We are expanding telehealth services for patients inland from a facility in Gladstone and Dr David Gillespie has released a new regional health policy to get more doctors out of urban areas and into our regional towns.
This builds on what we have already done, such as the Murray–Darling Medical Schools Network, expanding medical training at the University of Newcastle, the University of New England, and James Cook University in Cairns, and to start discussions about the further training of doctors at Charles Darwin University in the Northern Territory.
We have announced social infrastructure such as upgrading the Shepparton Sports Stadium, international sanctioned courts in Tamworth in the hope of inspiring the next Ash Barty, and an already-built football stadium in Townsville.
We are expanding basketball facilities in Ipswich, netball courts in Alice Springs, and athletics facilities in Palmerston.
For people to assist us in earning export dollars, they want to see the social infrastructure that says we respect their endeavours in doing this.
The wealth of our nation comes from the soil of regional Australia, on it and below it.
The Labor Party can’t look beyond the inner suburbs of Sydney and Melbourne, and their campaign announcements have displayed this in their paucity for regional areas.
We have seen Labor’s Catherine King come out and cast doubt on the future of the Inland Rail, with calls for delays and reviews which slow the growth of the inland towns of Seymour, Parkes, Narrabri, Goondiwindi and Gladstone.
They have sneered at the appointment of a regional mayor as Chair of Infrastructure Australia and put at risk the Building Better Regions Fund.
They have announced a new tax for more than 200 businesses in Australia, for which one is in Sydney and 15 are in the Hunter Valley. Two are in Brisbane and 46 are in the Central Queensland seats of Capricornia and Flynn.
Very concerningly, they have decided to tax our last two oil refineries, which will either move offshore or hand the tax onto you when you pay for your fuel.
This will be very detrimental to the cost of living that is so paramount in this election which our Government is addressing currently with a reduction in the fuel excise, one-off payments for pensioners and veterans, and an increase to the low and middle income tax offset.
The Greens, who the Labor Party relies on for preferences, want to cease almost immediately the mining of coal and gas.
This is economic suicide for Australia. Where is the money going to come from? How does this plan work?
Labor has given up on regional Australia.
Labor is saying Woolloomooloo policy will work for Weabonga, Walcha and Western Australia.
It won’t.
It’s not that you disregard Woolloomooloo, but you must understand that Weabonga, Walcha and Western Australia are distinctly different.
We have the ridiculous position of the Labor candidate in the Hunter with his misunderstanding of his own party’s energy policy and at odds with Shadow Minister for Climate Change and Energy Chris Bowen.
At the Sky debate, we had the candidate basically saying that Labor’s policy position was different to his own.
Is it confusion, is it clumsiness, or is it deceitful?
This is at a time of a new epoch for Australia of a clear and present threat.

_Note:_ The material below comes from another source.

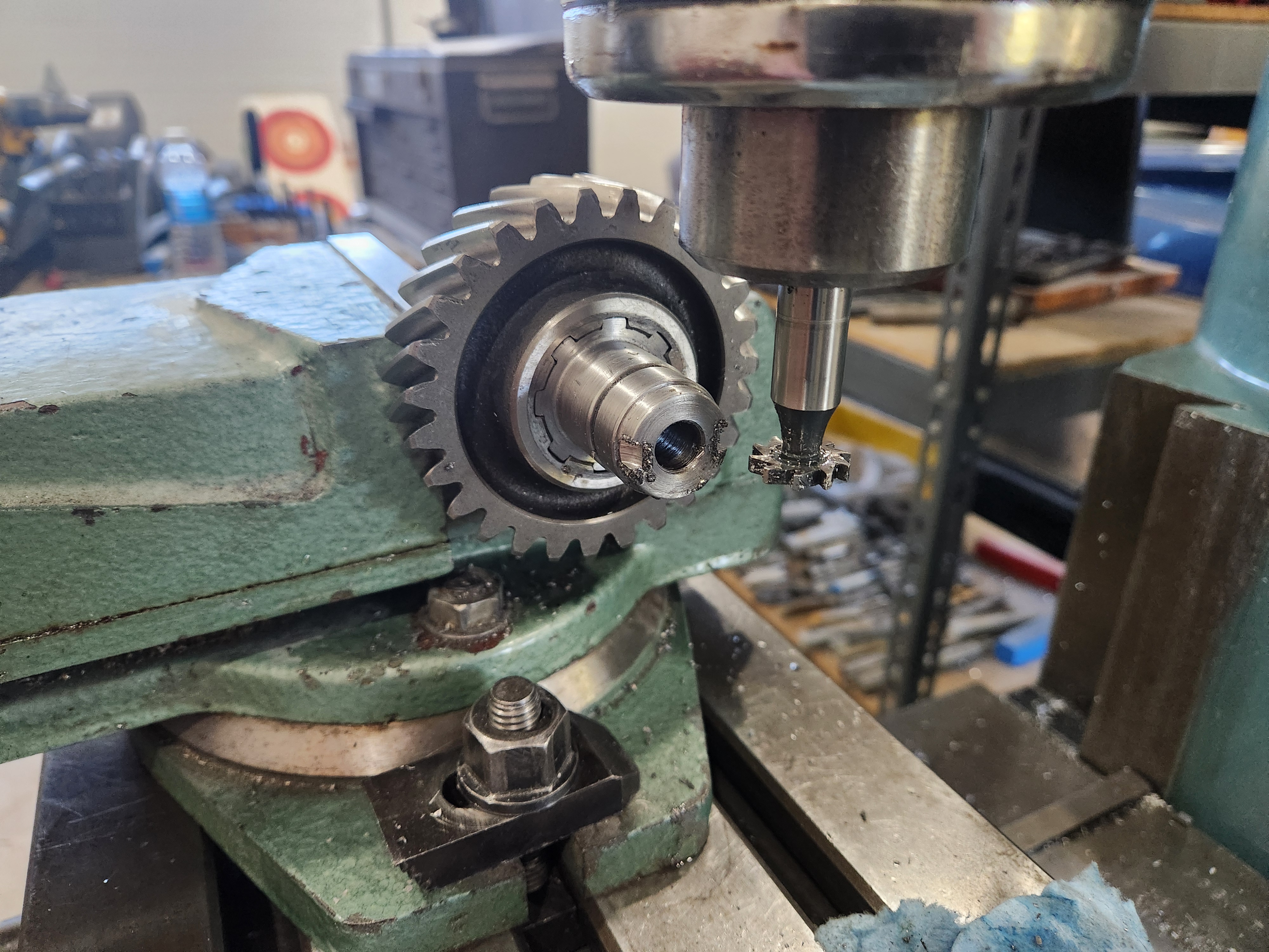 Then broach the splines on the mill. About .002" per pass seemed about right and its mostly done now. The tooth profile is supposed to be a radius so tomorrow I'll grind that into the tool and finish it up, there is a few thou left to cut so it should go quick.

Rear Admiral Raymond Perry Rogers, who was an officer in the United States Navy in the late 1800s and served as the head of the Office of Naval Intelligence, drafted War Plan Orange.
It utilised the mechanism of island hopping. That is, establishing strategic positioning on specific islands in the Pacific theatre.
It became a prophesy of the future, beginning with the annexation of Hawaii. Japan and the United States both utilised this process during the Second World War.
The positioning of strategic forces on strategic islands to our north is not new. The common thread, though, is that it is used in military tactics to dominate your opponent.
China is now utilising the same tactical positioning and it is an imperative in this campaign that the Australian people are fully aware of this.
This is not alarmism. It is reality that we have to be awake to.
It is quite obvious through their desire to have military bases that they are starting a process of encircling Australia and that there is a wish, at the very least, to intimidate, or worse, to supplicate Australia.
Australia has a maritime vulnerability. We are a nation that is surrounded by sea. If you can stop imports and exports into Australia, you can stop Australia.
We must regain sovereignty in this space. We must regain the capacity that we have an Australian maritime fleet that can sustain our imports and exports into our nation.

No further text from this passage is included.